[SOLVED] Linear regression model barely optimizes the intercept b

Linear regression model barely optimizes the intercept b

I've programmed a linear regression model from scratch. I use the "Sum of squared residuals" as the loss function for gradient descent. For testing I use linear data (y=x)

When running the algorithm, intercept b barely changes.
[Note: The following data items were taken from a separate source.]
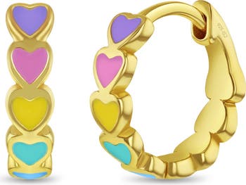 Bright, cheerful, and full of charm, these children’s huggie hoop earrings feature a cascade of rainbow enamel hearts dancing along the front, adding a playful pop of color to every outfit. Crafted from 14k gold over sterling silver, they offer the perfect blend of durability, shine, and comfort for little ears. The smooth huggie design makes them easy to wear all day, while the vibrant heart details bring a whimsical touch kids will love. A sweet and stylish accessory that brings joy with every turn. A small gift box is included with purchase.
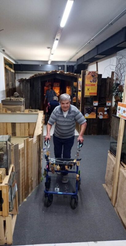 Na sončno dopoldne smo se s stanovalci podali na izlet v knežje mesto, Celje. Odločili smo se, da obiščemo tropsko hišo, kasneje pa si v centru mesta, v hotelu Evropa privoščimo še kavico in kaj sladkega. Ko smo vstopili v tropsko hišo nas je prijazno pozdravila in sprejela študentka, ki na nas je opremila z informacijami kdo vse živi v tropski hiši, kakšna so pravila in nato se je naše raziskovanje začelo. V terarijih smo našli različne pajke, žabe, kače, miši, ježke, kuščarje,… Največji vtis pa so na nas pustile nagajive opice, ki so izvajale različne akrobacije. Dve obročkastorepi maki opici pa sta celo uživali v naših dotikih. Po dobri uri in pol smo polni vtisov, odšli na kavico, kjer so nas zelo lepo sprejeli. Prijetno utrujeni smo se varno vrnili v Zimzelen.
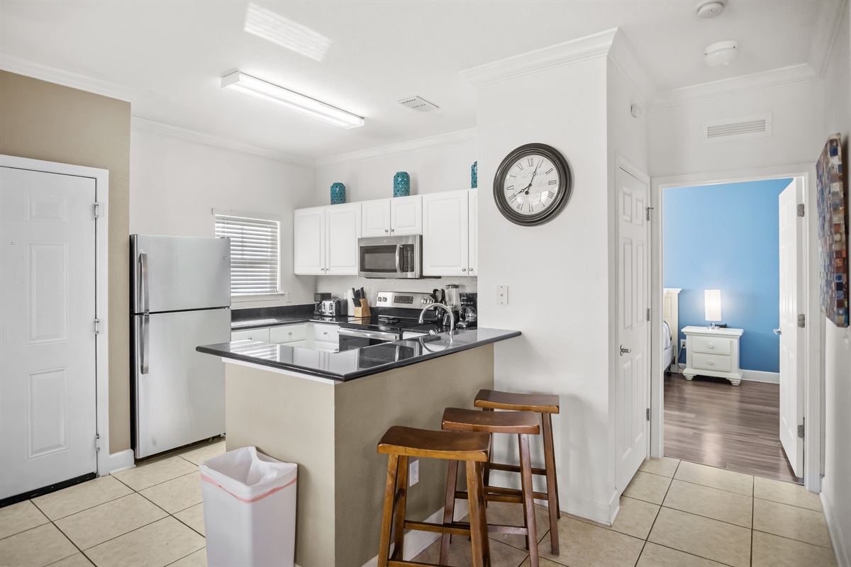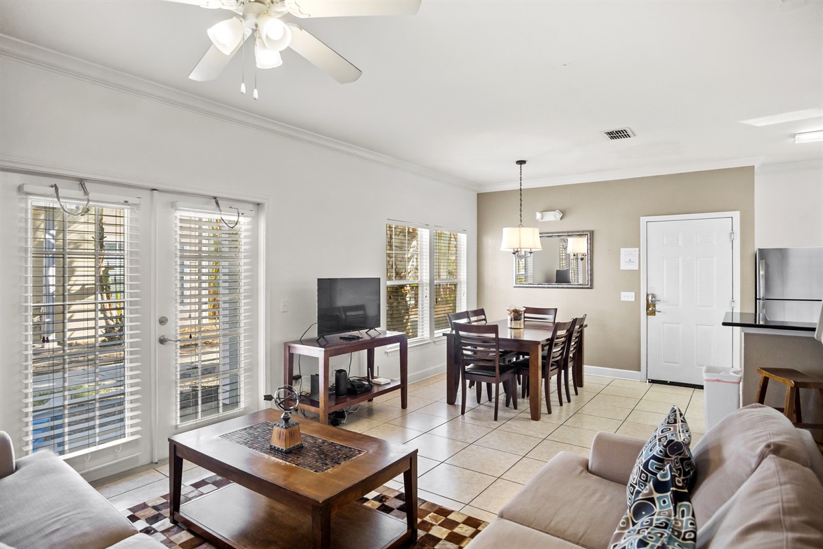 The condo features a comfortable and functional layout with inviting living areas, a fully equipped kitchen, and well-appointed bedrooms, offering plenty of room for everyone to unwind after a day at the parks. The ground-floor location provides easy access and added convenience.

Thus the slope m is not calculated correctly.

%matplotlib qt5 
import numpy as np
import matplotlib as mpl
import matplotlib.pyplot as plt
from sklearn.model_selection import train_test_split

X = np.array([0, 1, 2, 3, 4, 5, 6, 7, 8, 9])
y = np.array([0, 1, 2, 3, 4, 5, 6, 7, 8, 9])
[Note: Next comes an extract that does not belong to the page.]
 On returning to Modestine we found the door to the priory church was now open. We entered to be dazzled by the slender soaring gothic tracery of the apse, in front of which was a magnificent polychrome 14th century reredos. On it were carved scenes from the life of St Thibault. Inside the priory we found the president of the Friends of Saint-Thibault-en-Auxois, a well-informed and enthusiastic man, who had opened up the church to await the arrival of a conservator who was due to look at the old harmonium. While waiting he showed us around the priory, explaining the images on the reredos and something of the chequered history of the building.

X_train, X_test, y_train, y_test = train_test_split(X, y, test_size=0.25, random_state=12345)

class LinearRegression():
    def __init__(self):
        self.X = None
        self.y = None
    
    def ssr(self, m, b):
        sum = 0
        for i in range(len(self.X)):
          sum += (self.y[i] - (m * self.X[i] + b) ) ** 2
        
        return sum

    def ssr_gradient(self, m, b):
        sum_m = 0
        sum_b = 0
        n = len(self.X)
        for i in range(n):
            error = self.y[i] - (m * self.X[i] + b)
            derivative_m = -(2/n) * self.X[i] * error  # Derivative w.r.t. m
            derivative_b = -(2/n) * error              # Derivative w.r.t. b
            sum_m += derivative_m
            sum_b += derivative_b

        return sum_m, sum_b
    
    def fit(self, X, y, m, b): # Gradient Descent
        self.X = X
        self.y = y

        M, B = np.meshgrid(np.arange(-10, 10, 0.1), np.arange(-10, 10, 0.1))
        SSR = np.zeros_like(M)
        for i in range(M.shape[0]):
            for j in range(M.shape[1]):
                SSR[i, j] = self.ssr(M[i, j], B[i, j])


        fig, axes = plt.subplots(1, 2, figsize=(12, 6))
        gd_model = fig.add_subplot(121, projection="3d", computed_zorder=False)
        lin_reg_model = axes[1] 

        current_pos = (m, b, self.ssr(m, b))
        learning_rate = 0.001
        min_step_size = 0.001
        max_steps = 1000
        current_steps = 0

        while(current_steps < max_steps):
            M_derivative, B_derivative = self.ssr_gradient(current_pos[0], current_pos[1])
            M_step_size, B_step_size = M_derivative * learning_rate, B_derivative * learning_rate

            if abs(M_step_size) < min_step_size or abs(B_step_size) < min_step_size:
                break

            M_new, B_new = current_pos[0] - M_step_size, current_pos[1] - B_step_size
            
            current_pos = (M_new, B_new, self.ssr(M_new, B_new))

            print(f"Parameters: m: {current_pos[0]}; b: {current_pos[1]}; SSR: {current_pos[2]}")

            current_steps += 1
            
            x = np.arange(0, 10, 1)
            y = current_pos[0] * x + current_pos[1]
            lin_reg_model.scatter(X_train, y_train, label="Train", s=75, c="#1f77b4")
            lin_reg_model.plot(x, y)
            
            gd_model.plot_surface(M, B, SSR, cmap="viridis", zorder=0)
            gd_model.scatter(current_pos[0], current_pos[1], current_pos[2], c="red", zorder=1)
            gd_model.set_xlabel("Slope m")
            gd_model.set_ylabel("Intercept b")
            gd_model.set_zlabel("Sum of squared residuals")

            plt.tight_layout()
            plt.pause(0.001)
            
            gd_model.clear()
            lin_reg_model.clear()
        
        self.m = current_pos[0]
        self.b = current_pos[1]

    def predict(self, X_test):
        return self.m * X_test + self.b

lin_reg_model = LinearRegression()
lin_reg_model.fit(X_train, y_train, 1, 10)

This is the result for initial values m=1 and b=10: Parameters: m: -0.45129949840919587; b: 9.50972664859535; SSR: 145.06534359577407

Obviously this isn't optimal because my data is linear. So the optimal parameters should be m=1 and b=0 But I cannot find the problem in my code. The algorithm prints different results based on the initial values, but it should print the same result over and over again as long as there is exactly one minimum of the SSR function.

I tried using different learning rates but the problem persists.

Solution

Thanks to chrslg: I removed the division by n in the derivatives. After changing the parametres for the learning rate and max iteration, the algorithm is much faster and also optimizes b. Using more data than only the small toy data set was helpful. And thanks Dr. Snoopy: It was helpful to plot the loss for each epoch.